Data excerpts:
· · · ·
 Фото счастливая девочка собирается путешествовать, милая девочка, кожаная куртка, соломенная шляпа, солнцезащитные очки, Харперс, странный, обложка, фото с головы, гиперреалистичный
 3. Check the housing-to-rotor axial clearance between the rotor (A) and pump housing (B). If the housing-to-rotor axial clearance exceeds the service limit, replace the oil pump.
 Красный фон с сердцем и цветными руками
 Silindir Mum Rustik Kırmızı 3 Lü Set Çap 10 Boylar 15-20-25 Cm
· · · ·
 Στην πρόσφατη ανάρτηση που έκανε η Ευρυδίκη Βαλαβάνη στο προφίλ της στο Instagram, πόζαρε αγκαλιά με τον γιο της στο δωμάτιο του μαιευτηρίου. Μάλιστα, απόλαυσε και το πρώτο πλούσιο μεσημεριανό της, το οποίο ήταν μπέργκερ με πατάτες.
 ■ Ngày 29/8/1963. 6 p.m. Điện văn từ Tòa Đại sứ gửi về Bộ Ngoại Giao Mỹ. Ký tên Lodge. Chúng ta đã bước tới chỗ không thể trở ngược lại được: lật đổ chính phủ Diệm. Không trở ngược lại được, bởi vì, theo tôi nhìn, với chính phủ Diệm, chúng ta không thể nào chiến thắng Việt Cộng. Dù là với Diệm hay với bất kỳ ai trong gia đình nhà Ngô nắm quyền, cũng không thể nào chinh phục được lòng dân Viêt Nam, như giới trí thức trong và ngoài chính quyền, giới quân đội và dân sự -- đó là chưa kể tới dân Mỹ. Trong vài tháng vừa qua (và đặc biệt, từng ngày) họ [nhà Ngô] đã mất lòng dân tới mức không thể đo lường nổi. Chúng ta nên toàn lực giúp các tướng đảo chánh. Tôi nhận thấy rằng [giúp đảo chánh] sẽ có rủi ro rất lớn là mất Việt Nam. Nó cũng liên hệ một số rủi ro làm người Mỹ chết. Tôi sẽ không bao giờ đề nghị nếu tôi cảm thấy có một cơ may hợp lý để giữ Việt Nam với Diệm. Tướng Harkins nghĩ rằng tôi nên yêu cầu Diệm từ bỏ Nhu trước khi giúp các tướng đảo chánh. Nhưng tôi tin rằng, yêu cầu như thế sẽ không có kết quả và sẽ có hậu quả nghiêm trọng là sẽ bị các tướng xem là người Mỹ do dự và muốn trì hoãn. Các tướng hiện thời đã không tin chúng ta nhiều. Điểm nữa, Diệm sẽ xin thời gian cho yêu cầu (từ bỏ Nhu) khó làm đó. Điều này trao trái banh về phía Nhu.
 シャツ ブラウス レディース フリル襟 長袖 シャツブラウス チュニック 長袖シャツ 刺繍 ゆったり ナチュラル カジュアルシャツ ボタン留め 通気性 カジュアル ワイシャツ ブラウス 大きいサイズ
· · · ·
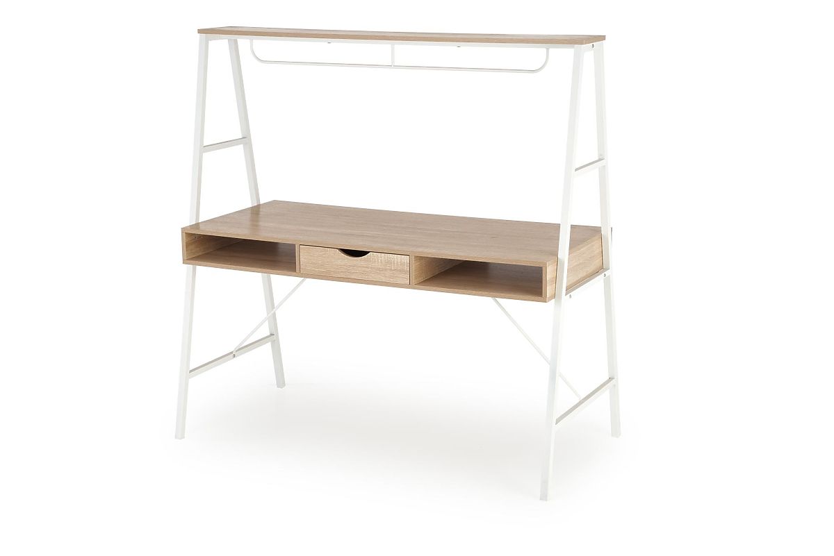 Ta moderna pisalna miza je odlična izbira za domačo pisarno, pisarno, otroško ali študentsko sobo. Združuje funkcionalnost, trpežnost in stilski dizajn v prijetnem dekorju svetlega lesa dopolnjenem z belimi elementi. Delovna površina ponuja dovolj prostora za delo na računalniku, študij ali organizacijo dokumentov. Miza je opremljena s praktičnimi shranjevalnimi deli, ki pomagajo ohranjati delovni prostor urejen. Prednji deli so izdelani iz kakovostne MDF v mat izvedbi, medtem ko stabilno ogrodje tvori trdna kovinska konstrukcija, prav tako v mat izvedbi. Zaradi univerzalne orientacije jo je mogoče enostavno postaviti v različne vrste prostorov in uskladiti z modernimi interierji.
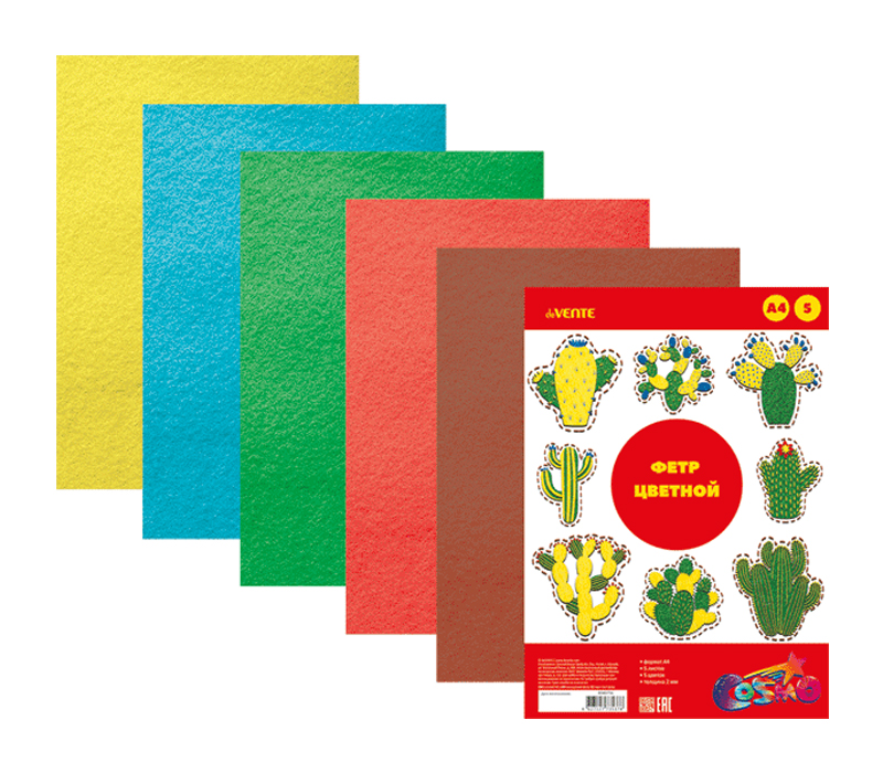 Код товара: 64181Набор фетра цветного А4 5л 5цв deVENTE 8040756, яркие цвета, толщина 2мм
· · · ·
Retype only the stretch of lines above starting at the one with "Фото счастливая девочка" and stopping at the one with "Silindir Mum Rustik", exactly as written, with both kept.

 Фото счастливая девочка собирается путешествовать, милая девочка, кожаная куртка, соломенная шляпа, солнцезащитные очки, Харперс, странный, обложка, фото с головы, гиперреалистичный
 3. Check the housing-to-rotor axial clearance between the rotor (A) and pump housing (B). If the housing-to-rotor axial clearance exceeds the service limit, replace the oil pump.
 Красный фон с сердцем и цветными руками
 Silindir Mum Rustik Kırmızı 3 Lü Set Çap 10 Boylar 15-20-25 Cm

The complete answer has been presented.